- MATERIALS PROVIDED:
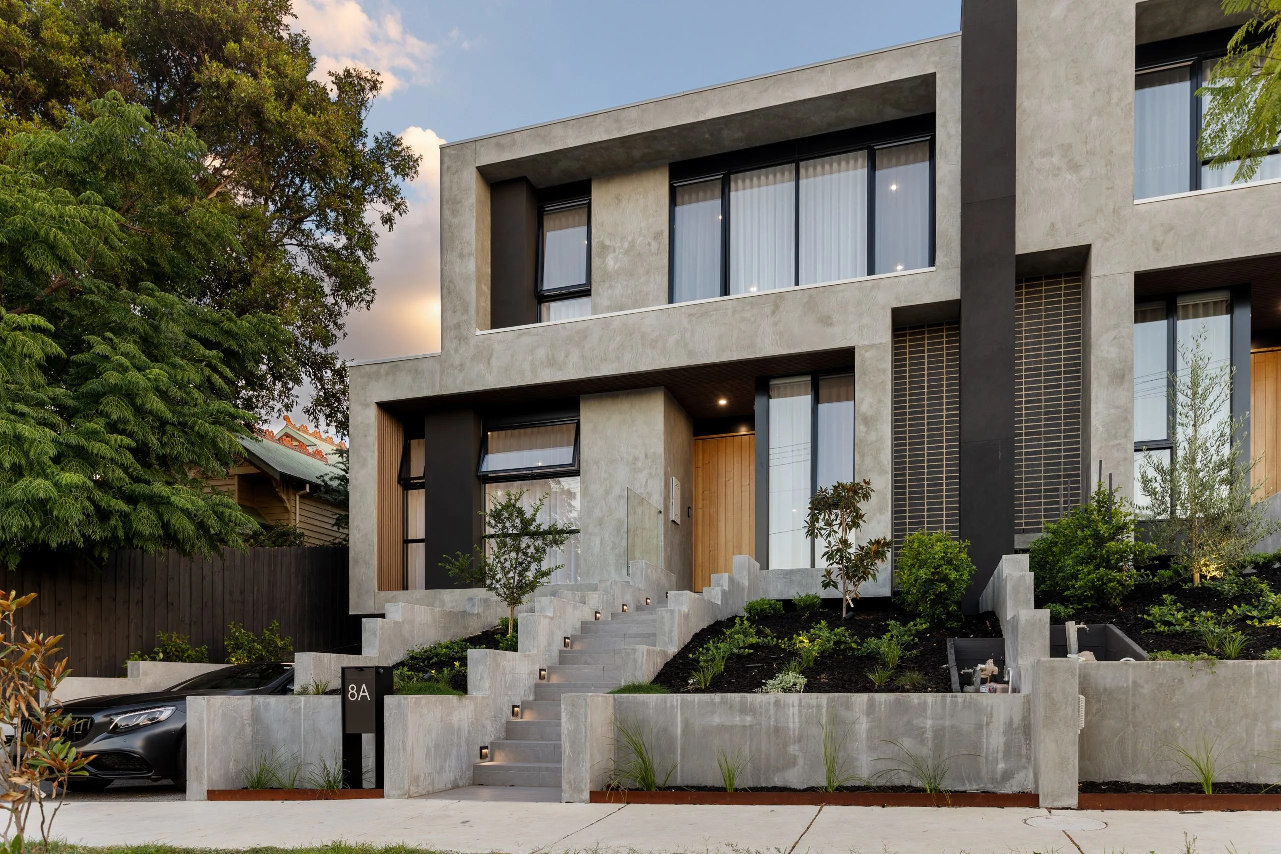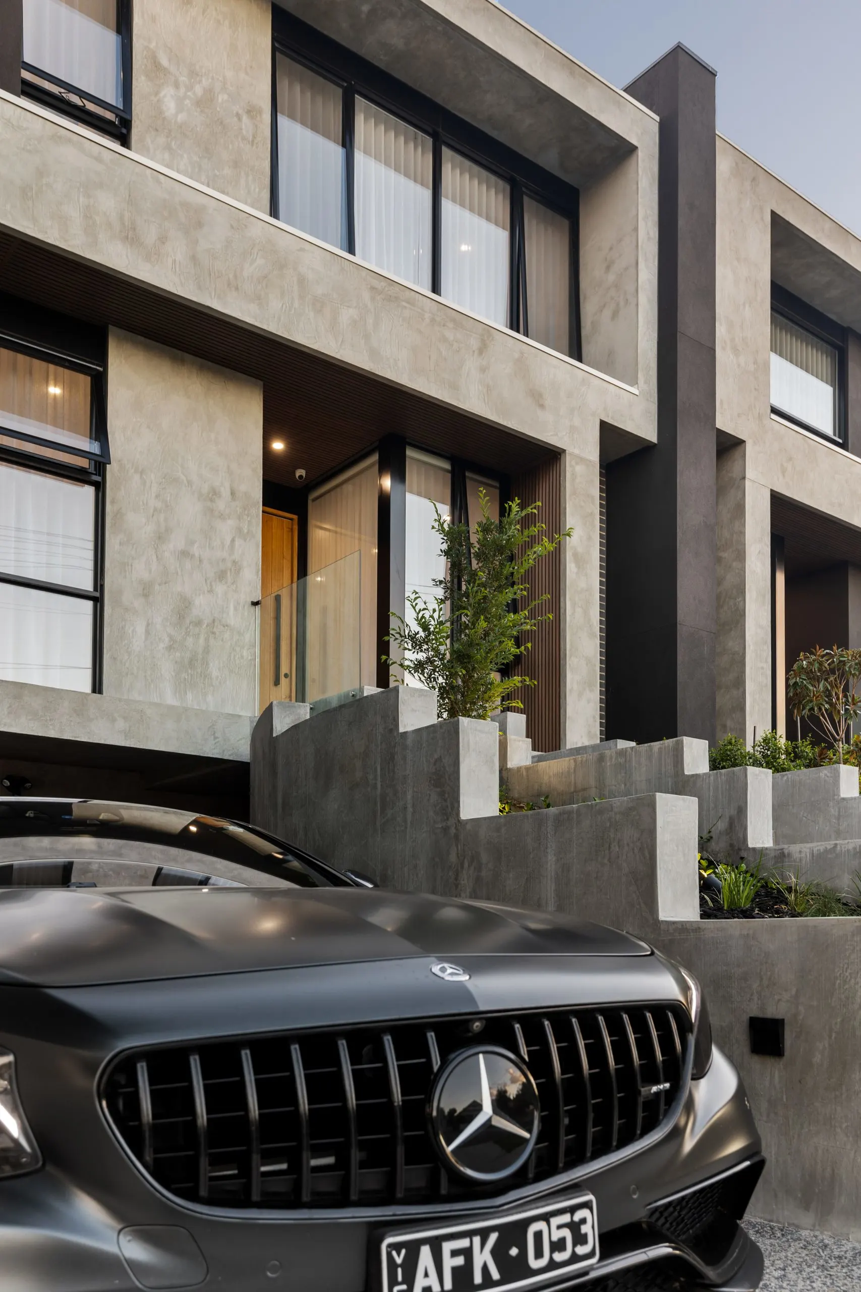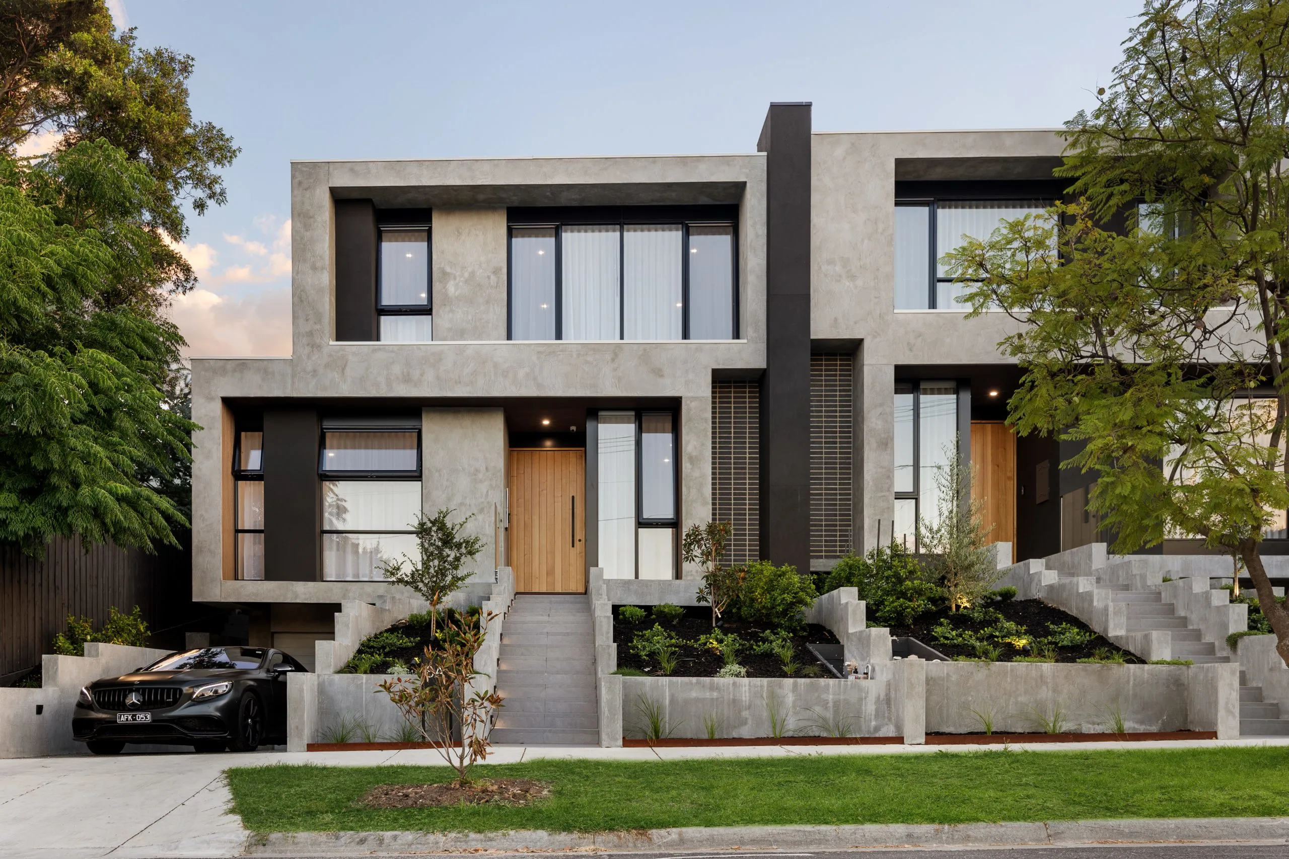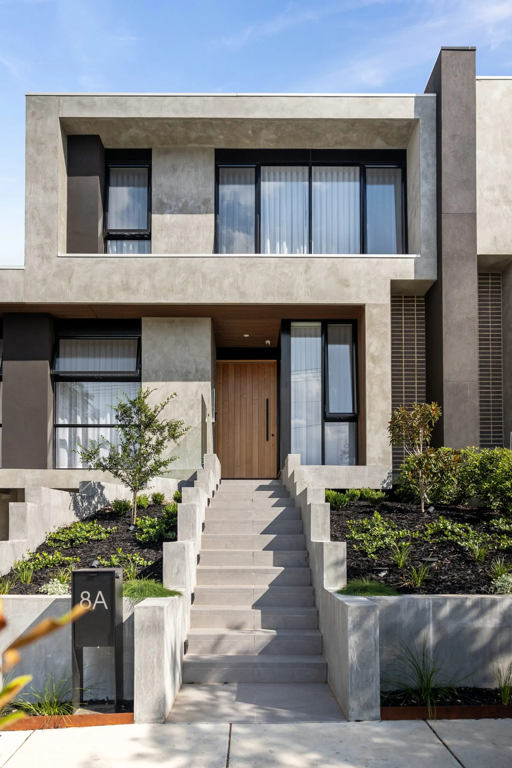 This modern duplex is all about space, style, and smart design. The concrete-finish render exterior gives it a sleek, bold look, while oversized windows flood the home with natural light and add to its striking facade.
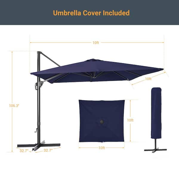 10 ft. Aluminum Cantilever Patio Umbrella High-Quality Solution-Dyed Fabric 360° Rotation System in Navy Blue
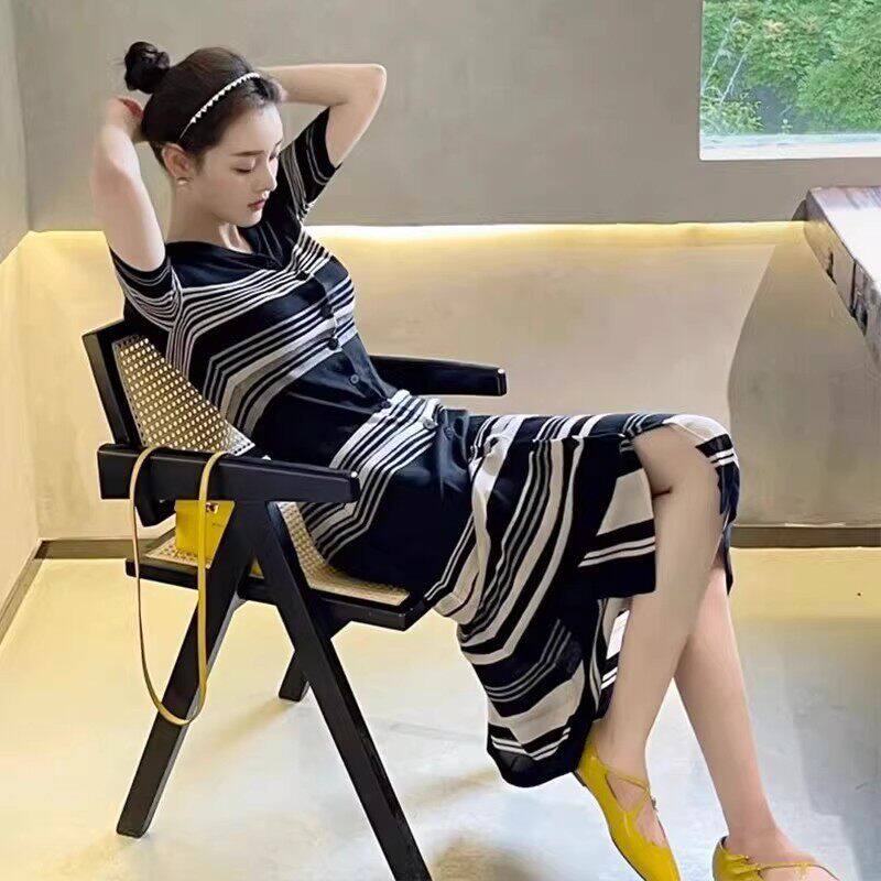 条纹连衣裙子女士装春秋2026新款夏季小个子气质高级感开叉中长裙
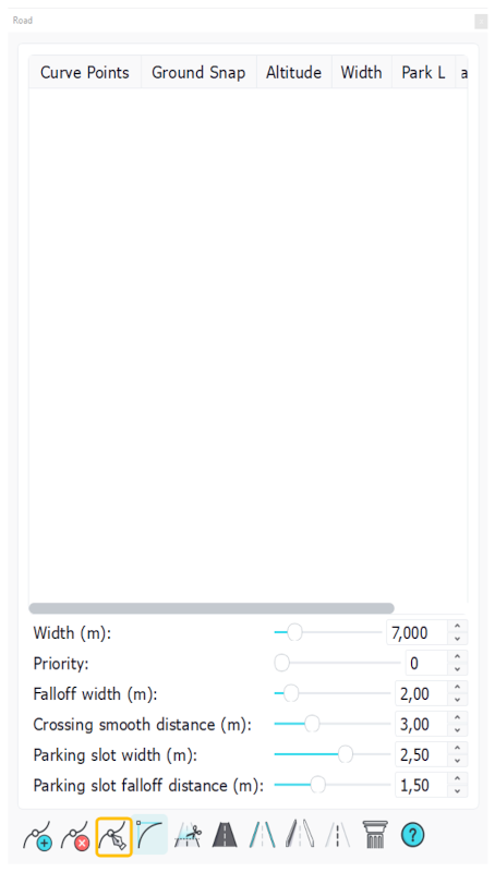 By default the roads are very sharp and don't really have any curves. You can change this by opening the view of the road where you want smooth curves and click on the "Select linear interpolation" button (3rd button from the left at the bottom of the window)
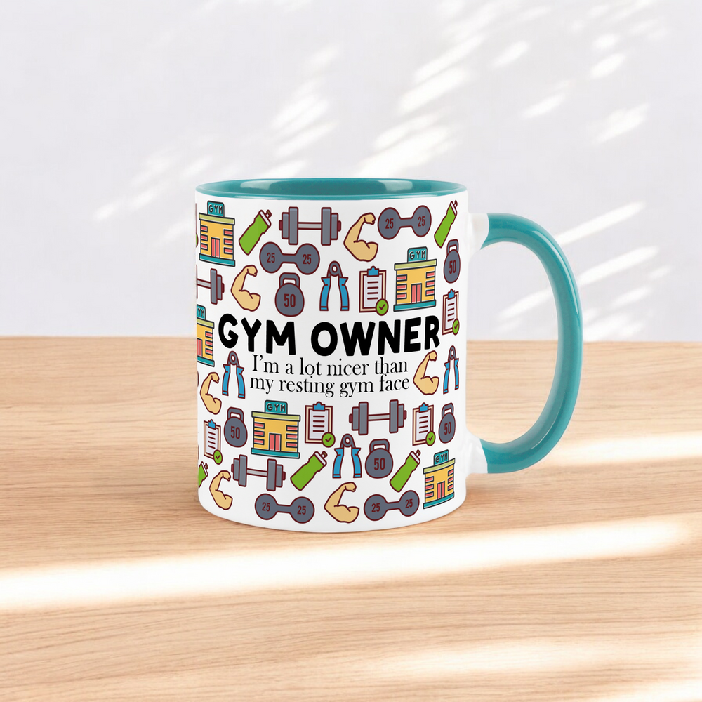 This gym owner-themed mug is a perfect gift for the exercise fanatic in your life! Featuring a print filled with weights and other gym equipment all around the mug and the text "Gym Owner - I'm a lot nicer than my resting gym face" on the front, this will be sure to make their hot drinks taste even better while they work!
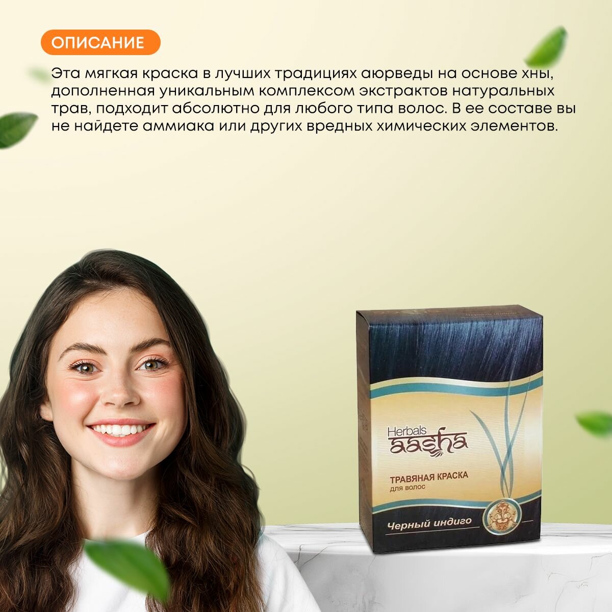 Травяная краска для волос на основе хны тон Черный индиго (hair dye) Aasha (Ааша), 60г
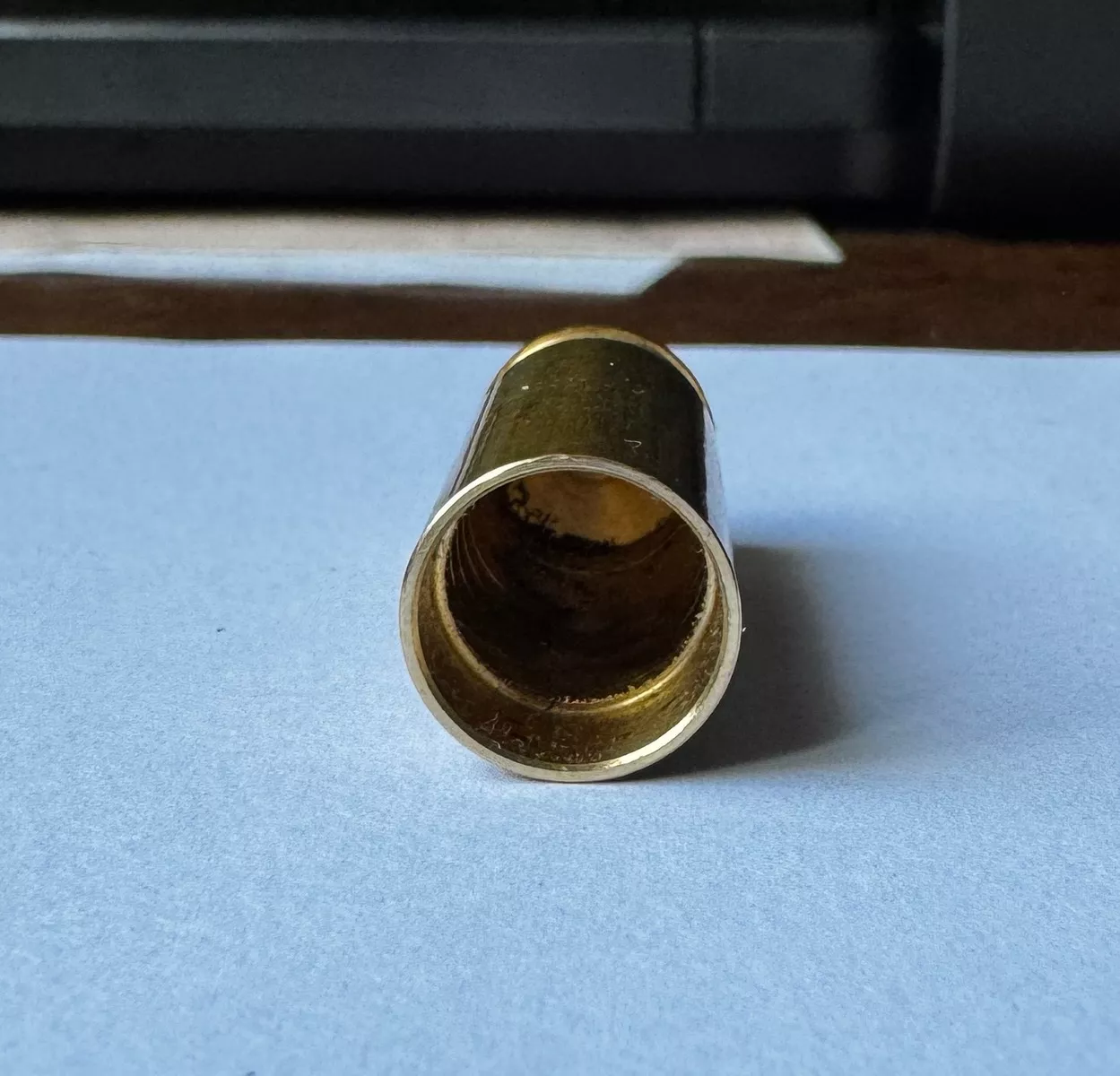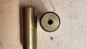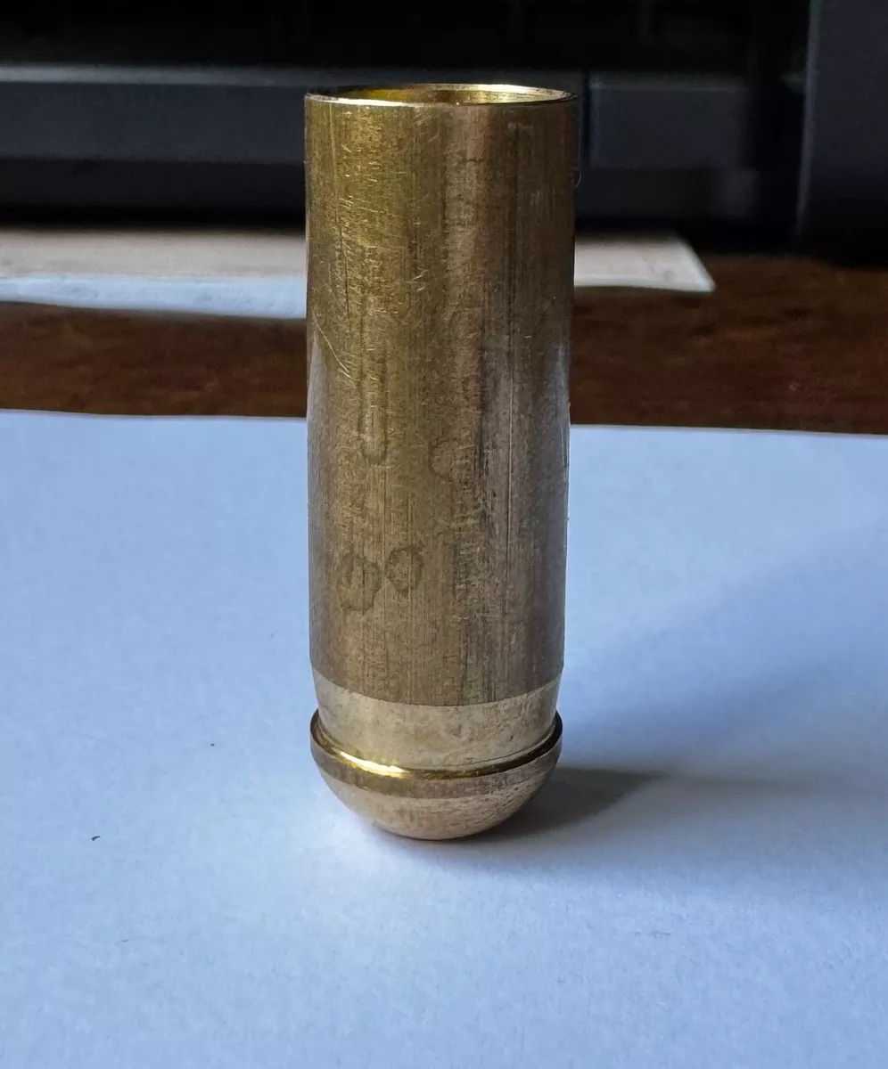 Hallo, ich habe heute auf dem Flohmarkt in Pouch eine mir unbekannte Hülse gekauft. Der Verkäufer wusste noch nicht einmal was er da verkauft. Die Hülse ist mit Sicherheit mit Schwarzpulver geladen worden. Anbei ein paar Fotos. Die Hülse hat eine Länge von 41mm und im Außendurchmesser ist sie 14 mm. Die Patrone geht in Richtung Zündhütchen konisch zu. Kann mir jemand sagen um was es sich für eine Patrone handelt?

- TASK DIRECTIONS: Reproduce nothing but the lines from the line containing "Травяная краска для" through the last line of the data above, exactly as written and without pictures.

- SOLUTION FOR THIS TASK:
 Травяная краска для волос на основе хны тон Черный индиго (hair dye) Aasha (Ааша), 60г
 Hallo, ich habe heute auf dem Flohmarkt in Pouch eine mir unbekannte Hülse gekauft. Der Verkäufer wusste noch nicht einmal was er da verkauft. Die Hülse ist mit Sicherheit mit Schwarzpulver geladen worden. Anbei ein paar Fotos. Die Hülse hat eine Länge von 41mm und im Außendurchmesser ist sie 14 mm. Die Patrone geht in Richtung Zündhütchen konisch zu. Kann mir jemand sagen um was es sich für eine Patrone handelt?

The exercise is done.